Re: [CFT][PATCH] ucounts: Fix signal ucount refcounting

From: Yu Zhao
Date: Sun Oct 17 2021 - 15:35:53 EST


On Sat, Oct 16, 2021 at 11:35 AM Eric W. Biederman
<ebiederm@xxxxxxxxxxxx> wrote:
>
> Alexey Gladkov <legion@xxxxxxxxxx> writes:
>
> > On Fri, Oct 15, 2021 at 05:10:58PM -0500, Eric W. Biederman wrote:
> >>
> >> In commit fda31c50292a ("signal: avoid double atomic counter
> >> increments for user accounting") Linus made a clever optimization to
> >> how rlimits and the struct user_struct. Unfortunately that
> >> optimization does not work in the obvious way when moved to nested
> >> rlimits. The problem is that the last decrement of the per user
> >> namespace per user sigpending counter might also be the last decrement
> >> of the sigpending counter in the parent user namespace as well. Which
> >> means that simply freeing the leaf ucount in __free_sigqueue is not
> >> enough.
> >>
> >> Maintain the optimization and handle the tricky cases by introducing
> >> inc_rlimit_get_ucounts and dec_rlimit_put_ucounts.
> >>
> >> By moving the entire optimization into functions that perform all of
> >> the work it becomes possible to ensure that every level is handled
> >> properly.
> >>
> >> I wish we had a single user across all of the threads whose rlimit
> >> could be charged so we did not need this complexity.
> >>
> >> Cc: stable@xxxxxxxxxxxxxxx
> >> Fixes: d64696905554 ("Reimplement RLIMIT_SIGPENDING on top of ucounts")

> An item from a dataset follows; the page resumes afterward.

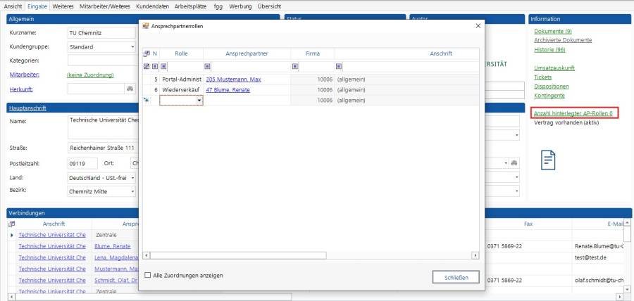 - Ansprechpartnerrollen pro Kunde, Anschrift, Maschine mit entsprechender Vererbung

> >> Signed-off-by: "Eric W. Biederman" <ebiederm@xxxxxxxxxxxx>
> >> ---
> >>
> >> With a lot of help from Alex who found a way I could reproduce this
> >> I believe I have found the issue.
> >>
> >> Could people who are seeing this issue test and verify this solves the
> >> problem for them?
> >>
> >> include/linux/user_namespace.h | 2 ++
> >> kernel/signal.c | 25 +++++----------------
> >> kernel/ucount.c | 41 ++++++++++++++++++++++++++++++++++
> >> 3 files changed, 49 insertions(+), 19 deletions(-)
> >>
> >> diff --git a/include/linux/user_namespace.h b/include/linux/user_namespace.h
> >> index eb70cabe6e7f..33a4240e6a6f 100644
> >> --- a/include/linux/user_namespace.h
> >> +++ b/include/linux/user_namespace.h
> >> @@ -127,6 +127,8 @@ static inline long get_ucounts_value(struct ucounts *ucounts, enum ucount_type t
> >>
> >> long inc_rlimit_ucounts(struct ucounts *ucounts, enum ucount_type type, long v);
> >> bool dec_rlimit_ucounts(struct ucounts *ucounts, enum ucount_type type, long v);
> >> +long inc_rlimit_get_ucounts(struct ucounts *ucounts, enum ucount_type type);
> >> +void dec_rlimit_put_ucounts(struct ucounts *ucounts, enum ucount_type type);
> >> bool is_ucounts_overlimit(struct ucounts *ucounts, enum ucount_type type, unsigned long max);
> >>
> >> static inline void set_rlimit_ucount_max(struct user_namespace *ns,
> >> diff --git a/kernel/signal.c b/kernel/signal.c
> >> index a3229add4455..762de58c6e76 100644
> >> --- a/kernel/signal.c
> >> +++ b/kernel/signal.c
> >> @@ -425,22 +425,10 @@ __sigqueue_alloc(int sig, struct task_struct *t, gfp_t gfp_flags,
> >> */
> >> rcu_read_lock();
> >> ucounts = task_ucounts(t);
> >> - sigpending = inc_rlimit_ucounts(ucounts, UCOUNT_RLIMIT_SIGPENDING, 1);
> >> - switch (sigpending) {
> >> - case 1:
> >> - if (likely(get_ucounts(ucounts)))
> >> - break;
> >> - fallthrough;
> >> - case LONG_MAX:
> >> - /*
> >> - * we need to decrease the ucount in the userns tree on any
> >> - * failure to avoid counts leaking.
> >> - */
> >> - dec_rlimit_ucounts(ucounts, UCOUNT_RLIMIT_SIGPENDING, 1);
> >> - rcu_read_unlock();
> >> - return NULL;
> >> - }
> >> + sigpending = inc_rlimit_get_ucounts(ucounts, UCOUNT_RLIMIT_SIGPENDING);
> >> rcu_read_unlock();
> >> + if (sigpending == LONG_MAX)
> >> + return NULL;
> >>
> >> if (override_rlimit || likely(sigpending <= task_rlimit(t, RLIMIT_SIGPENDING))) {
> >> q = kmem_cache_alloc(sigqueue_cachep, gfp_flags);
> >> @@ -449,8 +437,7 @@ __sigqueue_alloc(int sig, struct task_struct *t, gfp_t gfp_flags,
> >> }
> >>
> >> if (unlikely(q == NULL)) {
> >> - if (dec_rlimit_ucounts(ucounts, UCOUNT_RLIMIT_SIGPENDING, 1))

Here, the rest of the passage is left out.